The Economics of Cloud Development

The development and deployment of server software has changed radically over the last few years.

It used to be the case that you had to buy servers, find space for the server, capacity plan the numbers. You added DR backups and test systems (always smaller than production). It would take weeks for kit to arrive.

Now given services like Heroku and Azure it is possible to set up an entire setup in under an hour billed monthly to your credit card. A test server can be the same size as production when needed then switched off when no longer required. The avoids the old queues to access test systems.

You do need to be careful that you have switched off what you no longer need or can face a large unexpected bill.

Given that in Heroku you can have an application server running for a month from $7, workers can be scheduled to run for seconds each month (batch processing using the Heroku Scheduler) costing $0.12.  Now the costs of discussing options can exceed the annual costs of deployment.

For example we found one of our batch reporting tools running out of memory.

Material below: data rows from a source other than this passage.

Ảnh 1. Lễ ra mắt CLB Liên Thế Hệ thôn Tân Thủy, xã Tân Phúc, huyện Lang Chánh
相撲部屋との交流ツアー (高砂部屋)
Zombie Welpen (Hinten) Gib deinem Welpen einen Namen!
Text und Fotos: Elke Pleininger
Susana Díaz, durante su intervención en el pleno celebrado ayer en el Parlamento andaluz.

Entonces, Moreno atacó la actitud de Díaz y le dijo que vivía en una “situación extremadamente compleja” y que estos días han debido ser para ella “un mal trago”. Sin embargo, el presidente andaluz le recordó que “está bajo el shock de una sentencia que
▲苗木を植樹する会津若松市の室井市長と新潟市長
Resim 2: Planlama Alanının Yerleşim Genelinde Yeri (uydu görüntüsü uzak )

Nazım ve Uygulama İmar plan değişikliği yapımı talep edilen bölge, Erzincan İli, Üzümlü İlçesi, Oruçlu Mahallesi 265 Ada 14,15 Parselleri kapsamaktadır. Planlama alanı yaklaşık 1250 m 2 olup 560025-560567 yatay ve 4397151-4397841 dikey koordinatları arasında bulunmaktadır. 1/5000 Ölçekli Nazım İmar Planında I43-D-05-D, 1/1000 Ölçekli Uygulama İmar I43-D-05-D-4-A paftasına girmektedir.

We could have spent 2 days optimizing it or just dial it up to the next tier up at a cost of an extra $0.04 per month.

My current employer does not even need the developers to ask for any new services less than $100 per month for experiments. The meetings to discuss this would cost more than the work.

With careful use of a CDN we can host a very high volume site using minimal number of servers at a reasonable cost.

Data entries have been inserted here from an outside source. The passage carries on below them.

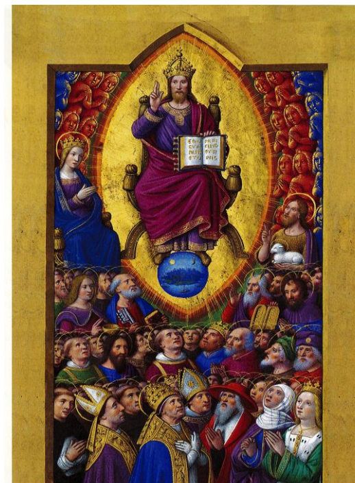
Œuvre de Jean BOURDICHON, enluminure tirée du livre Les Grandes Heures d'Anne de Bretagne, Bibliothèque National de France, Paris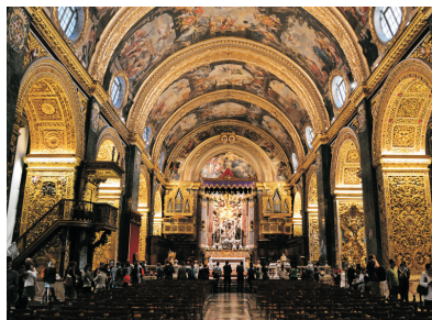
聖約翰教堂(馬耳他)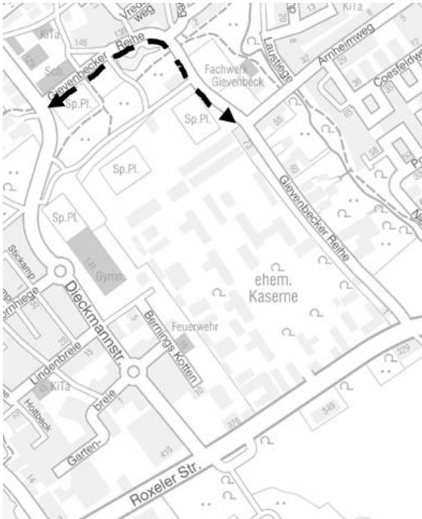
Abb 2.: Vorhandene Wegebeleuchtung

Im Zuge des Ausbaues und Umgestaltung der Oxfordkaserne wird eine zusätzliche beleuchtete Wegeverbindung zwischen „Bernings Kotten“ und „Arnheimweg“ geschaffen (siehe Abb. 3) und damit die Verbindung zwischen dem Auenviertel und dem Zentrum von Gievenbeck verbessert.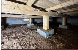
床下調査(白蟻確認)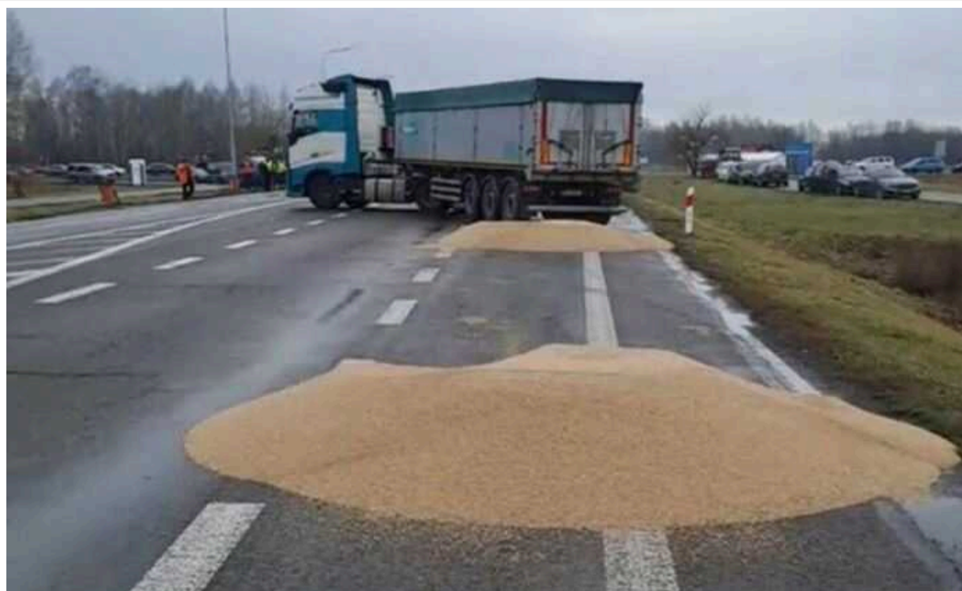
В Україні жорстко відреагували на псування зерна у Польщі: це вже не мирний протест, винні мають відповідати

Умисне знищення українського зерна польськими протестувальниками на українсько-польському кордоні не має нічого спільного з мирними протестами як з юридичного, так і морального погляду, а псування українського зерна – неприпустиме. Після того, що сталося, поліція Польщі зокрема і влада країни загалом має вирішити проблему, адже тепер йдеться про конкретні майнові питання.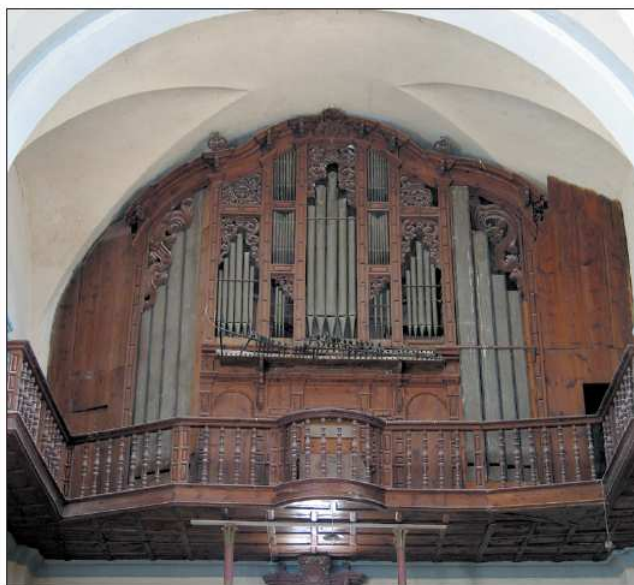
Órgano de Caminreal.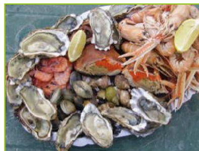
Kiwanis Vielsalm Soirée Fruits de mer 27 février 2016

Heroku makes experiments very easy – push code to a git repo with a simple Procfile and you can have a server up and running in seconds. You can add a host of backend services at a reasonable rate – especially as it is billed per second that is enabled. When not needed just switch off.

I recently attended Jeffconf in London. The name came when someone pointed out that “Serverless development” actually required servers so the name was arbitrary hence Jeff.

I can see how serverless frameworks could be used to handle spiky loads but you normally will require some form of storage or batch processing which will exceed the serverless costs.

Serverless refers to services such as Amazon Lambda or IBM Open Whisk. You deploy a minimal script that is instantiated (possibly) per call and you are only charged for usage.

This looks like a useful component in a hybrid system. Use Serverless to store to a Google bucket with a polling service that copies this into BigQuery.

The development process is now a lot more flexible!